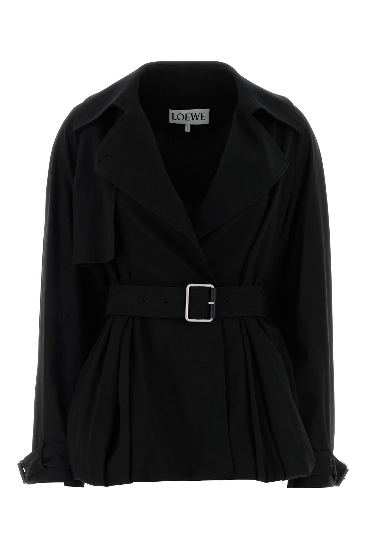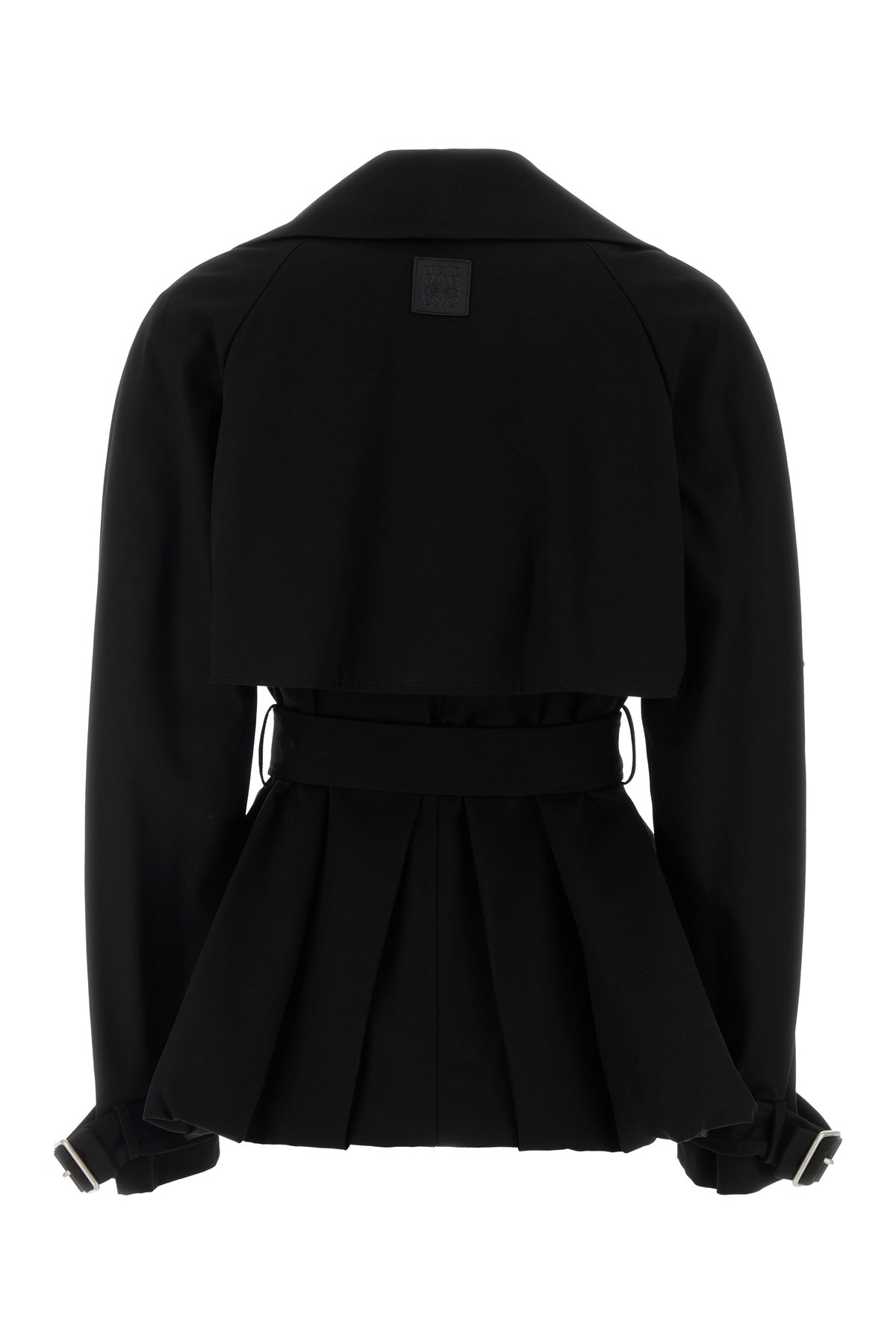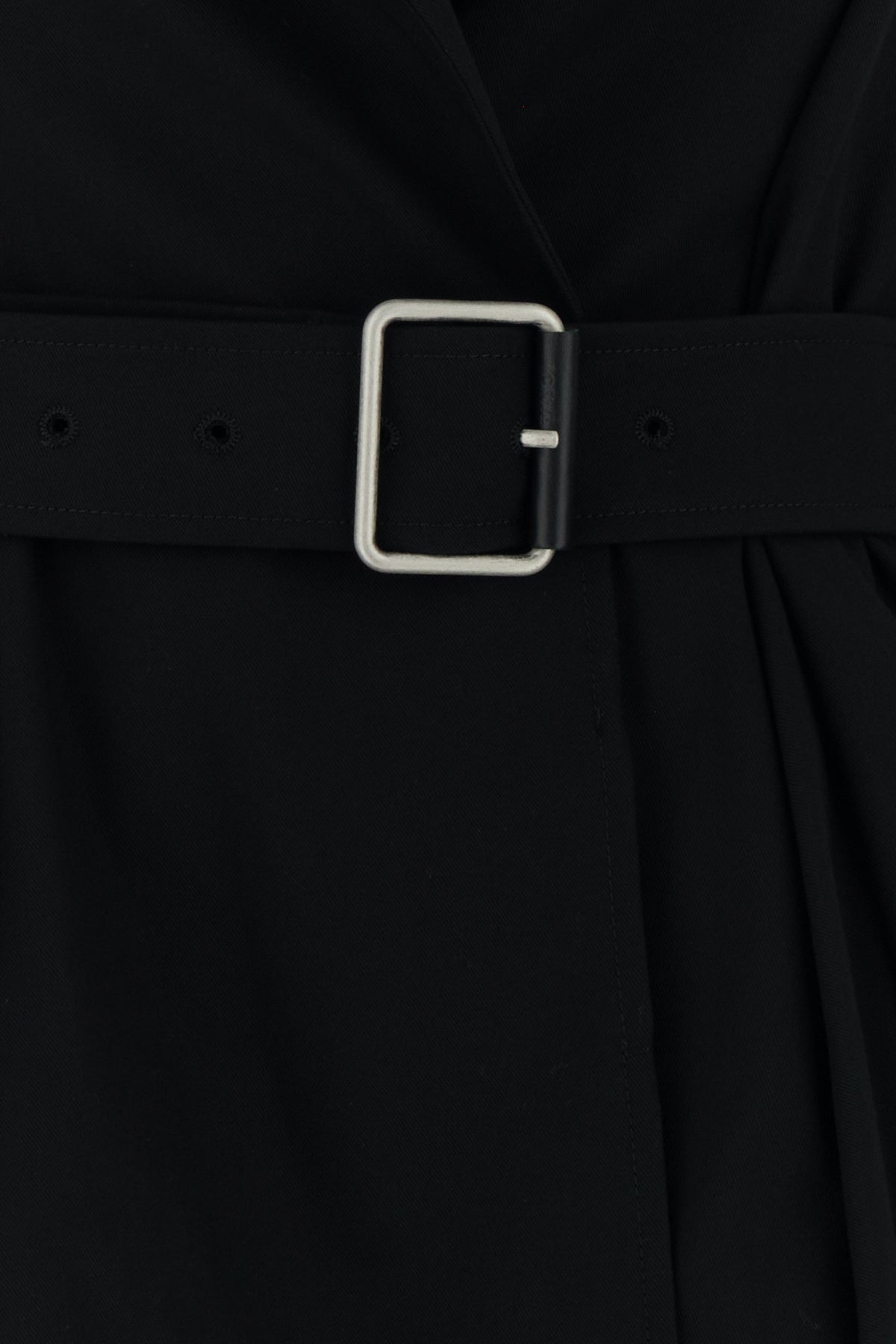 Black gabardine trench coat
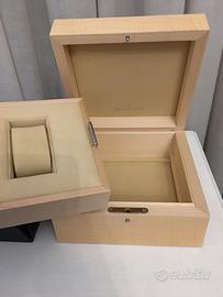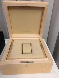 Scatola e contro scatola Blancpain originale, in legno chiaro nuovissima mai usata con libretto di istruzioni. La contro scatola misura 21 × 21 × 15 e la scatola 19,5 × 19,5 × 9,7
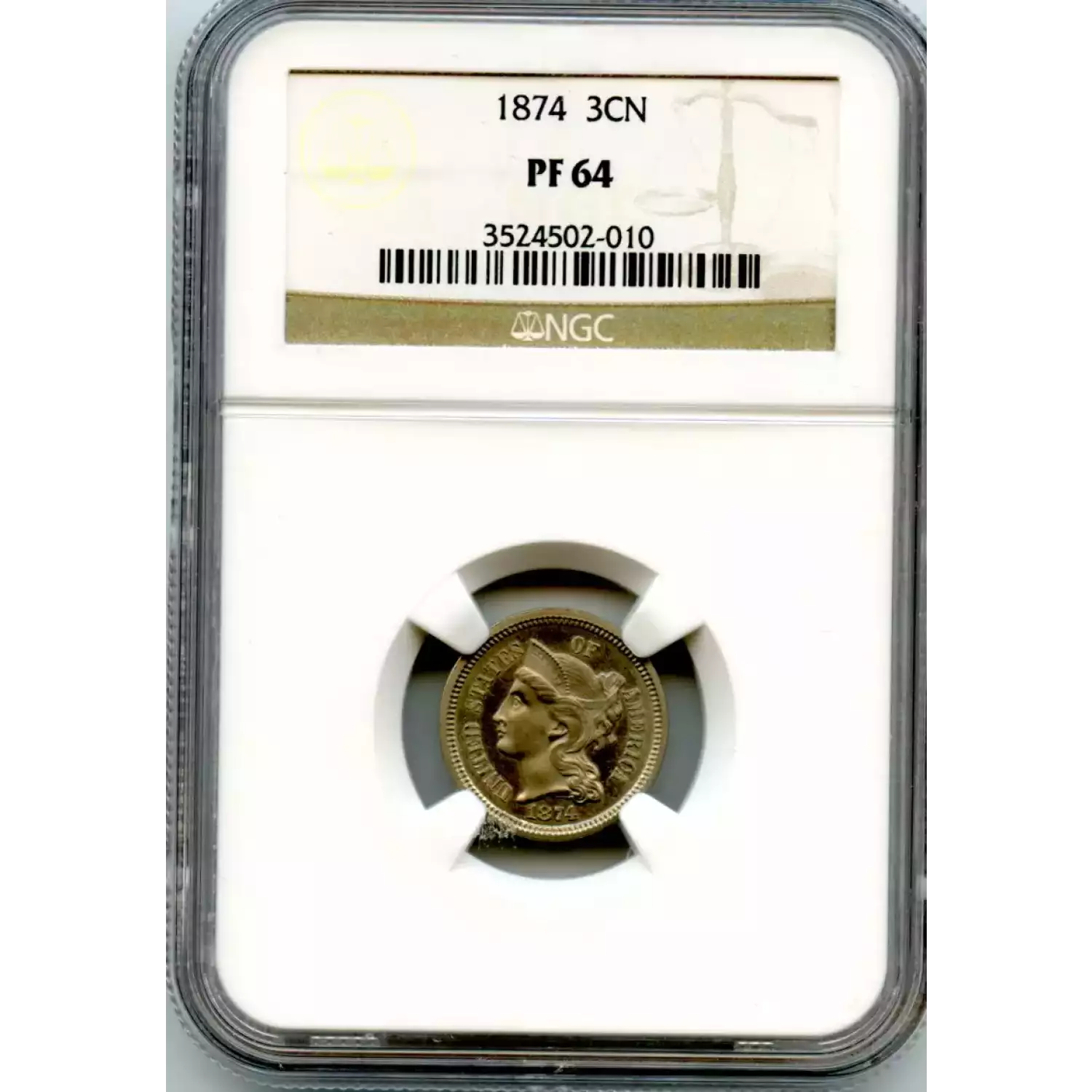 520369 | 1874 Three Cent Pieces (Nickel) NGC PF-64 | NGC | PF-64 | Sold: 31/10/2023 | $435 |

::::::

### PROBLEM REQUIREMENTS
With the pictures left out, return all the material above exactly.

### ANSWER SECTION
 Black gabardine trench coat
 Scatola e contro scatola Blancpain originale, in legno chiaro nuovissima mai usata con libretto di istruzioni. La contro scatola misura 21 × 21 × 15 e la scatola 19,5 × 19,5 × 9,7
 520369 | 1874 Three Cent Pieces (Nickel) NGC PF-64 | NGC | PF-64 | Sold: 31/10/2023 | $435 |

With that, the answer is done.